▶ _Work instructions_
Please print, exactly, only the lines in the entries below from the line that has "あおさ海苔養殖 アオサノリと海 海苔畑の風景" through the line that has "<Collision> <Blocker> [Both". Pictures don't go in.

▶ _Input data_
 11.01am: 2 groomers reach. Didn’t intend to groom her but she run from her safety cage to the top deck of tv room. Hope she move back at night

* * *

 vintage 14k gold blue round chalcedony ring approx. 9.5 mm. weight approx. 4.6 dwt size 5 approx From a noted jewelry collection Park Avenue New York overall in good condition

--

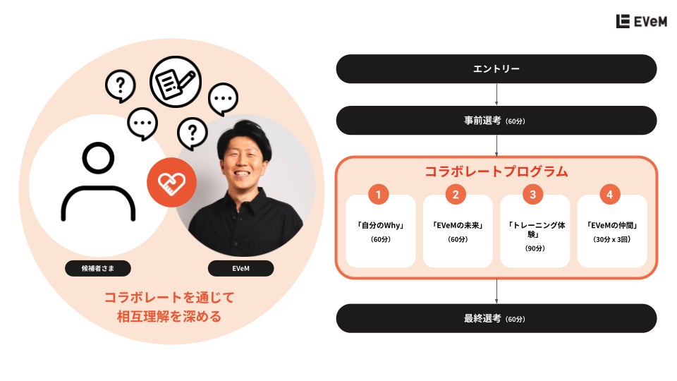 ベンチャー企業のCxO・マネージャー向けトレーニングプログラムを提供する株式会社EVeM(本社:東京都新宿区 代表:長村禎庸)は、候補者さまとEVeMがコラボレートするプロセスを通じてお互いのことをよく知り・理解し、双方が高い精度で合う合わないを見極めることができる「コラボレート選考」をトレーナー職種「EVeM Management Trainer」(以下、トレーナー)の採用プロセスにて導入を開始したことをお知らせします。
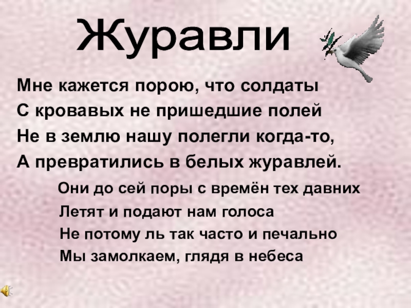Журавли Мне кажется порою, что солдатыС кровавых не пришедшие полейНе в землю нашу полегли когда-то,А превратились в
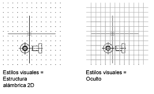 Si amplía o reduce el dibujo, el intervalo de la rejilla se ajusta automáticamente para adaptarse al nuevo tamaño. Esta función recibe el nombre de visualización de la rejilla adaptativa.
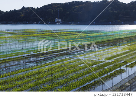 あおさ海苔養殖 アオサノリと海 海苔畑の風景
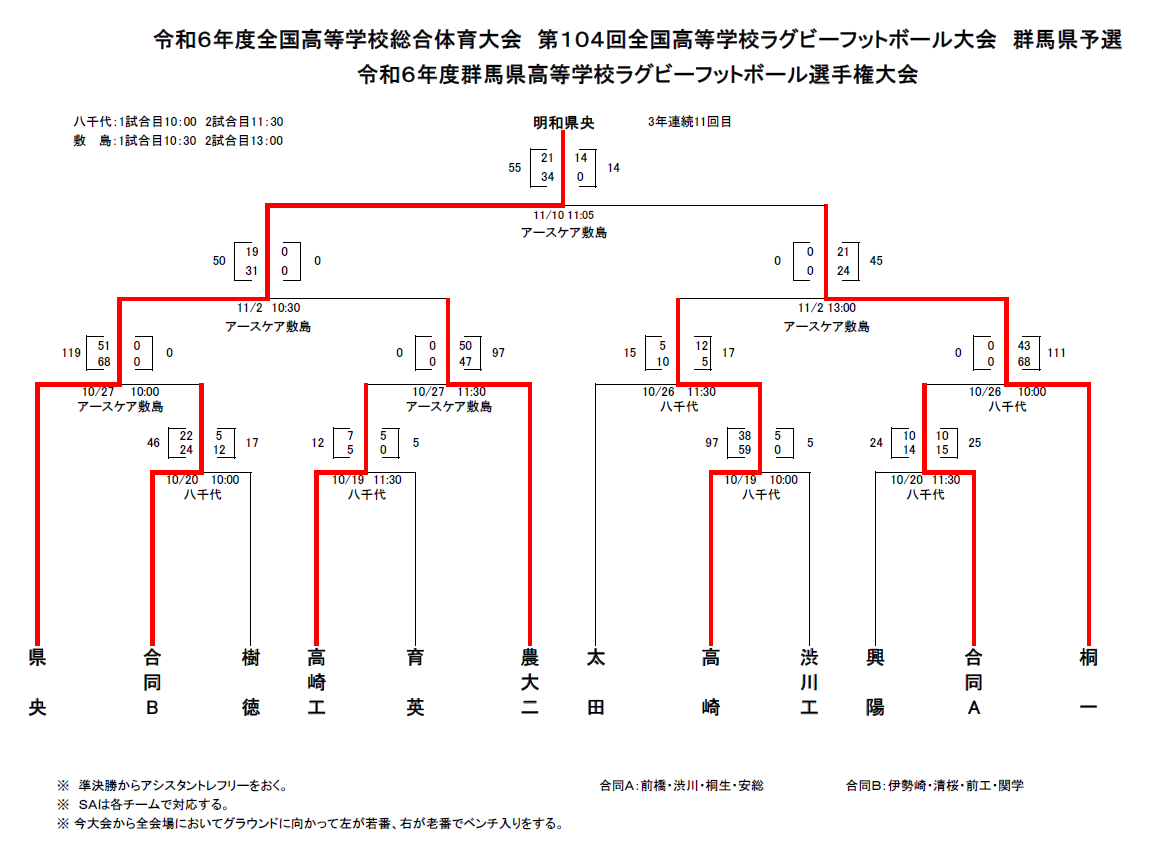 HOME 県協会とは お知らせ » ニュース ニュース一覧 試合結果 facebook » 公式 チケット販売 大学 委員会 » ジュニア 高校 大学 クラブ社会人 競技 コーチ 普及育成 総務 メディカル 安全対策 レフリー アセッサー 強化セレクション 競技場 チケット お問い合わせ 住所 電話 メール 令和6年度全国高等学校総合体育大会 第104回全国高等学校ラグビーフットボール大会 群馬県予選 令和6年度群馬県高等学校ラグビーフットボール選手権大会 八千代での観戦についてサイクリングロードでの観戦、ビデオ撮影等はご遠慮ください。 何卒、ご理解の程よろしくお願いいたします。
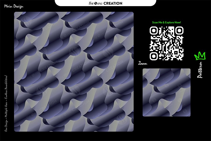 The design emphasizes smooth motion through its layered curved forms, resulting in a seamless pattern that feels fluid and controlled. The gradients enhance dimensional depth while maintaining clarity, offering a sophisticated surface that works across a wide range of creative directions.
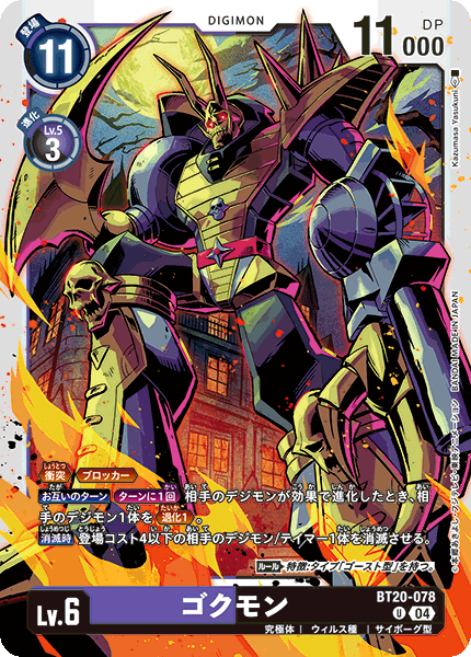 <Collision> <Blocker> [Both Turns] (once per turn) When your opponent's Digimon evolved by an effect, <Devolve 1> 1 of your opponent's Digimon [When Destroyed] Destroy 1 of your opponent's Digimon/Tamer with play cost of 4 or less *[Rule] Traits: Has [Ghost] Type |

▶ _Answer to the problem_
 あおさ海苔養殖 アオサノリと海 海苔畑の風景
 HOME 県協会とは お知らせ » ニュース ニュース一覧 試合結果 facebook » 公式 チケット販売 大学 委員会 » ジュニア 高校 大学 クラブ社会人 競技 コーチ 普及育成 総務 メディカル 安全対策 レフリー アセッサー 強化セレクション 競技場 チケット お問い合わせ 住所 電話 メール 令和6年度全国高等学校総合体育大会 第104回全国高等学校ラグビーフットボール大会 群馬県予選 令和6年度群馬県高等学校ラグビーフットボール選手権大会 八千代での観戦についてサイクリングロードでの観戦、ビデオ撮影等はご遠慮ください。 何卒、ご理解の程よろしくお願いいたします。
 The design emphasizes smooth motion through its layered curved forms, resulting in a seamless pattern that feels fluid and controlled. The gradients enhance dimensional depth while maintaining clarity, offering a sophisticated surface that works across a wide range of creative directions.
 <Collision> <Blocker> [Both Turns] (once per turn) When your opponent's Digimon evolved by an effect, <Devolve 1> 1 of your opponent's Digimon [When Destroyed] Destroy 1 of your opponent's Digimon/Tamer with play cost of 4 or less *[Rule] Traits: Has [Ghost] Type |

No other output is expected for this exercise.